The catacombs, of course, are the legacy of a tiny persecuted band of believers, meeting in their graveyards to escape the all-seeing eye of imperial Rome. The cathedrals represent a very different turn in church history: a church that not only could grow in size but could, in fact, outgrow and outlast the Empire itself. The catacombs represent simplicity and earthiness; the cathedrals transcendence and wonder.
We need both, somehow.
Sometimes American evangelicals, traveling to sites of significance in church history, are disappointed. They want to see a Disney-type restoration of “the early church” in a way that makes it seem as though the faith went by time-warp straight from a pristine golden era to the Graham Crusades. This sort of Christian tends to like the catacombs, for the same reason some people love working on their antebellum family histories but don’t like family reunions.

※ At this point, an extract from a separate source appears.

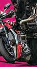 ThatmeansthebigMultidrops downautomaticallywhenyou cometo ahalt,tomakeiteasierto get afootdownforthestumpyof limb.Theworking-classstandard V4makesdowith non-electronic Marzocchiforksandshock,while thepremium Pikes Peak variant showsoffwith revisedgoldenÖhlins EC2.0semi-activesportsuspension. Thatmatchesthesingle-sided swingarmandforgedsuperbikesizedMarchesinirimsnicely.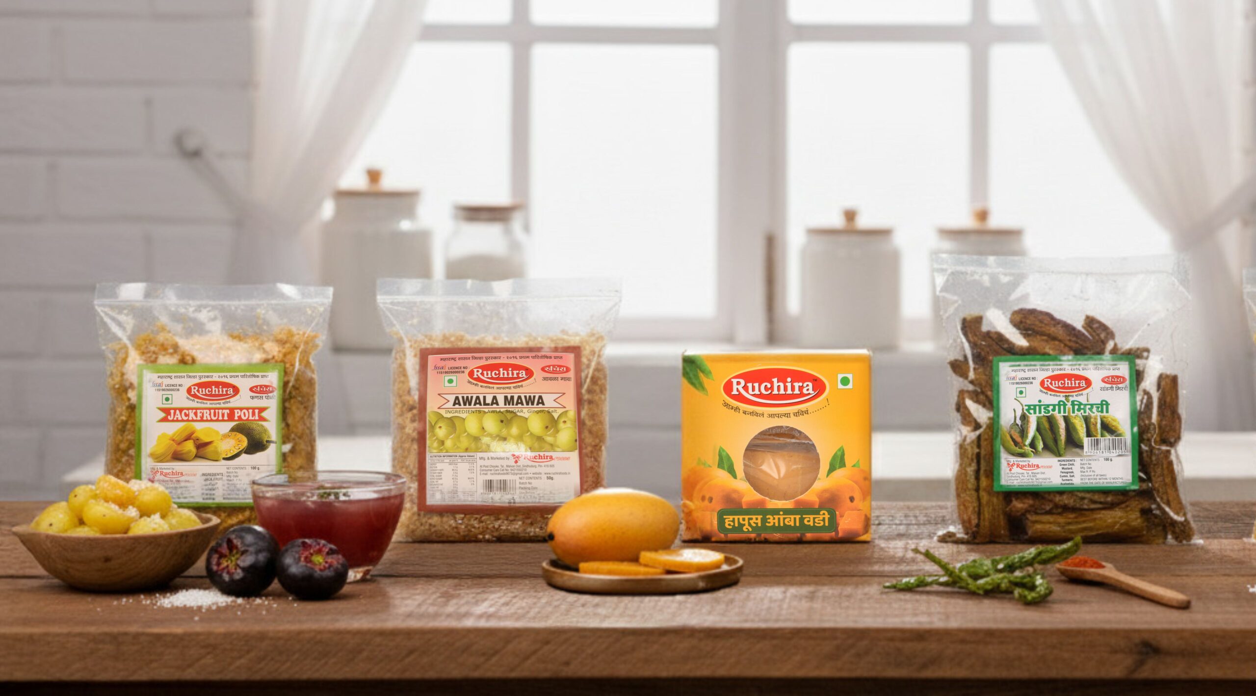 Ruchira Foods, rooted in the rich bounty of Konkan, transforms Alphonso mangoes, cashews, jamuns, jackfruits, kokam, amlas, pineapples and more into pure, wholesome delights, blending tradition, nutrition and authentic taste.

But the catacombs and the cathedrals both remind us of two things: God’s sovereignty in sending down the faith, and the frailty of humanity as stewards of that faith. We can’t romanticize the early persecuted church. After all, the New Testament Scriptures are often rebuking those churches for precisely the things we see going on in our churches today: division, carnality, immorality, arrogance (1 Cor. 4:7-13, 5:1-8, 6:1-8). And, if Christianity had remained in the catacombs, it is quite possible that you and I would have never encountered Christ.
He concludes:
In the heroic stories of church history (Athanasius defeats Arius! Augustine turns back Pelagius!) and in the awful parts (state churches and triumphalism and scandals), God is orchestrating a flow of the river of redemption that takes it from the hillsides of Judea through the bustling streets of Antioch right down to that Baptist church in Arkansas, or wherever it was that you first heard the name of the Christ of God.
The kingdom of God is vast and tiny, universal and exclusive. Our story is that of a little flock and of an army awesome with banners. It’s a Christianity of persecution and proliferation, of catacombs and cathedrals.